Familia, formación y el sueño de inspirar a otras personas

Detrás del peleador hay una historia de familia y esfuerzo. Neme es uno de cuatro hermanos: dos viven en Rosario, uno en Gualeguay y sus padres, trabajadores incansables, también están en esa ciudad. “No somos de clase baja, somos de clase media, mis viejos siempre nos dieron la oportunidad de estudiar”, destaca.

Neme viene de competir en un torneo internacional de Muay Thai en Tailandia, la cuna de este deporte. (Foto: IG @maxmuaythai.th)
Neme viene de competir en un torneo internacional de Muay Thai en Tailandia, la cuna de este deporte. (Foto: IG @maxmuaythai.th)

Además de competir, Neme se dedica a formar nuevos talentos. “Trato de fomentar que las personas se superen y vean que pueden ser capaces de todo, no solo en el deporte sino en la vida”, dice.

Su día termina tarde, después de los turnos recreativos y el entrenamiento de los competidores en su gimnasio.

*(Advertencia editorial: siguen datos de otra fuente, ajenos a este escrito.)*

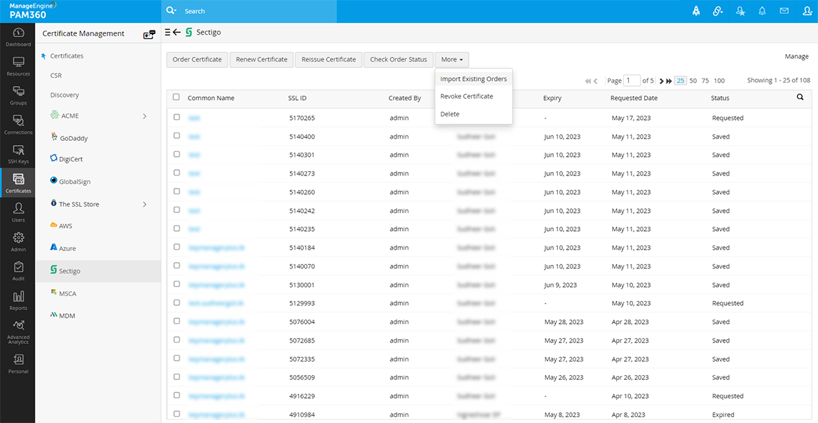 アクティブなSCM account,アカウントがある場合、Sectigo Certificate Managerを使って管理できる既存の証明書がある可能性があります。新しい証明書オーダーとは別に、すべての既存のオーダーをSCMポータルからインポートし、PAM360インターフェイスから管理できます。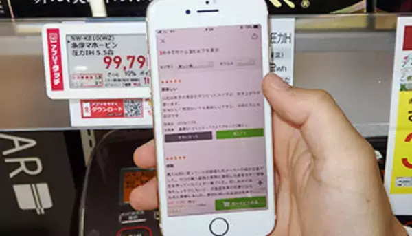 電子棚札にNFC(近距離無線通信)を搭載することで、ユーザーはスマートフォン(スマホ)をかざすだけでレビューが読める。ほかにも、商品スペックなどの詳細の確認や、購入したい複数商品の電子棚札を読み取ることで、商品同士の比較がその場でできる。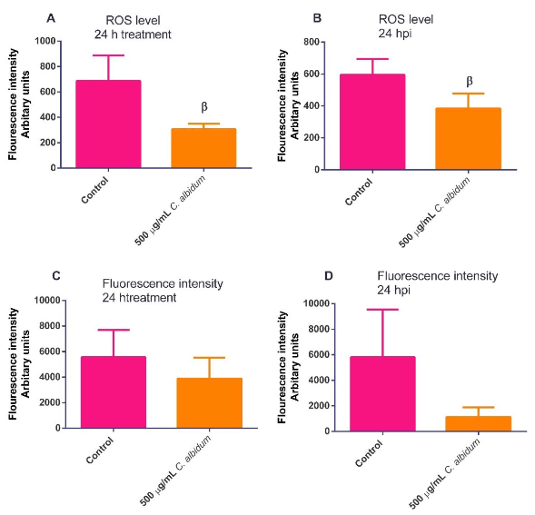 As seen in Figure 7a-b, the Trolox inclusion in the screening assay induced a significantreduction in the inhibition potential. The results obtained for ROS analysis revealed that the C. albidum oil did not boost the ROS secretion both at the inclusion and exclusion of T. gondii infection (Figure 8a-b). In contrast, C. albidum oil impaired the fluorescing capacity of the cellular mitochondrial membrane both when T. gondii infection was absent (Figure 8c) and present (Figure 8d). The emerging observation is suspected to be a result of T. gondii infection leading to the disruption of the physiological integrity of cells.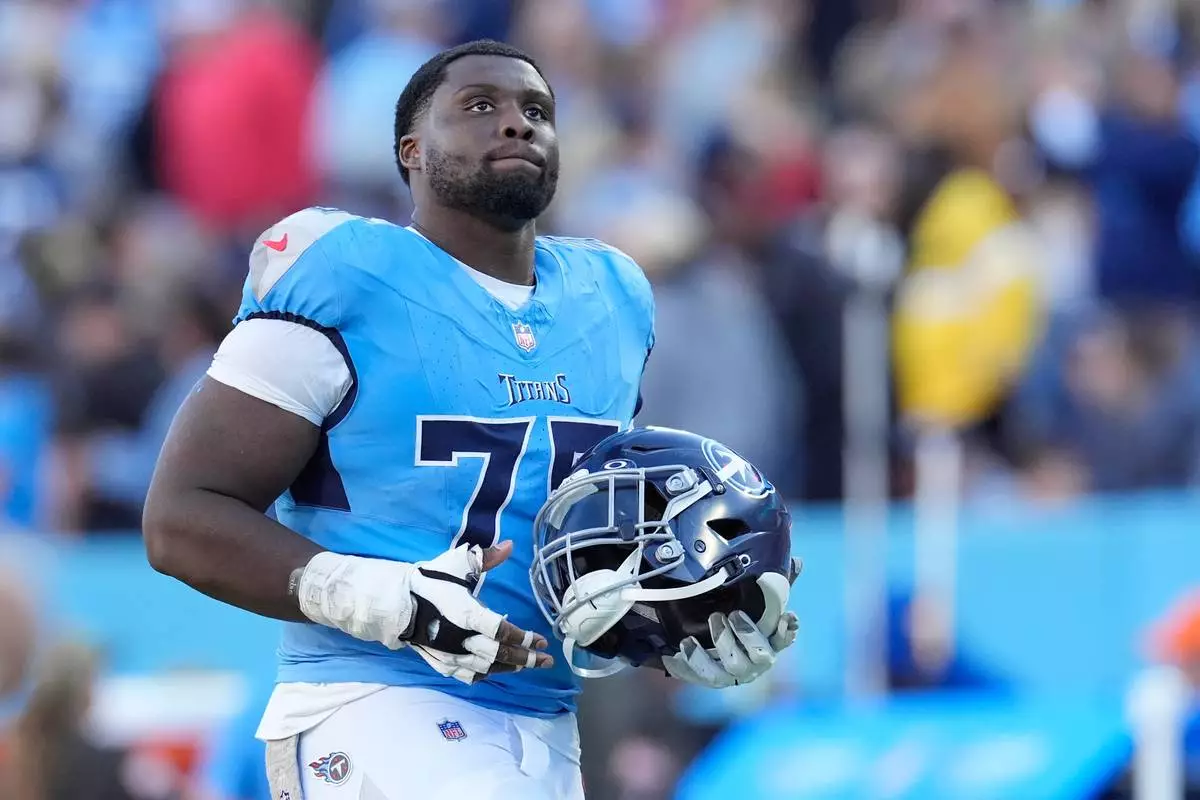 FILE - Tennessee Titans center Lloyd Cushenberry III (79) during the second half of an NFL football game against the Houston Texans, Nov. 16, 2025, in Nashville, Tenn. (AP Photo/George Walker IV, File)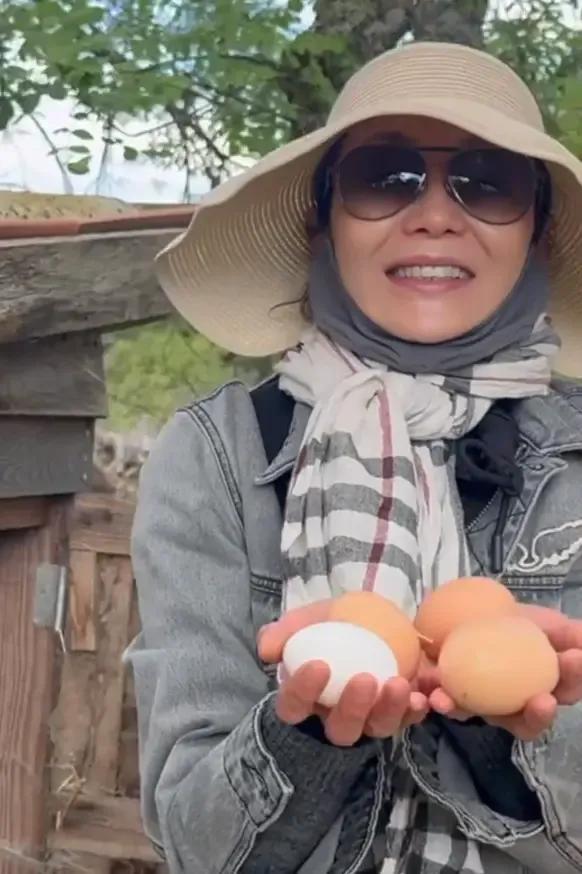 张曼玉分享日常生活,现住在法国波尔多。 自己养鸡,种菜。检到鸡刚下的蛋,非常开心。 现在的她过得很幸福,生活很舒适。 素颜出镜的张曼玉,已经60岁的她,还这么年轻,皮肤紧致,没有松弛,连皱纹都没有。

En su tiempo libre, disfruta de la compañía de sus perros y de su familia. “Es mi estilo de vida, lo amo”, resume.

La vida de Neme está marcada por el sacrificio. “Tenés que entrenar todos los días, alejarte de algunos vínculos y buscar un entorno que te acompañe”, dice. Hace años que no consume alcohol y prioriza el descanso y la disciplina.

El Muay Thai en el interior: viajes, desafíos y referentes

Practicar Muay Thai en Entre Ríos implica desafíos extras. “Siempre tenemos que viajar a Rosario o Buenos Aires para competir, estamos lejos de los lugares donde hay eventos”, explica.

El último fin de semana llevó a nueve de sus alumnos a un sudamericano en Quilmes, donde participaron peleadores de Uruguay, Brasil, Chile, Perú y Colombia.

Los primeros pasos del deportista en la disciplina. (Foto: IG @nemefabian)
Los primeros pasos del deportista en la disciplina. (Foto: IG @nemefabian)

Entre sus ídolos menciona a figuras eternas de la disciplina como Yangkong y Harrison, y destaca la oportunidad de haber entrenado con peleadores de elite en Tailandia. También reconoce a referentes argentinos como Chacar Aguirre, Bauza y La Serpiente Bosch.

El camino de Fabián Neme es el de la pasión, la constancia y el deseo de inspirar a otros a superarse, dentro y fuera del ring, así fue como construyó y sigue construyendo la historia del Muay Thai, no solo en Entre Ríos sino en todo el país.

Para él, el Muay Thai es mucho más que un deporte: es una forma de vida que lo llevó desde un pequeño pueblo entrerriano hasta los escenarios más exigentes del mundo.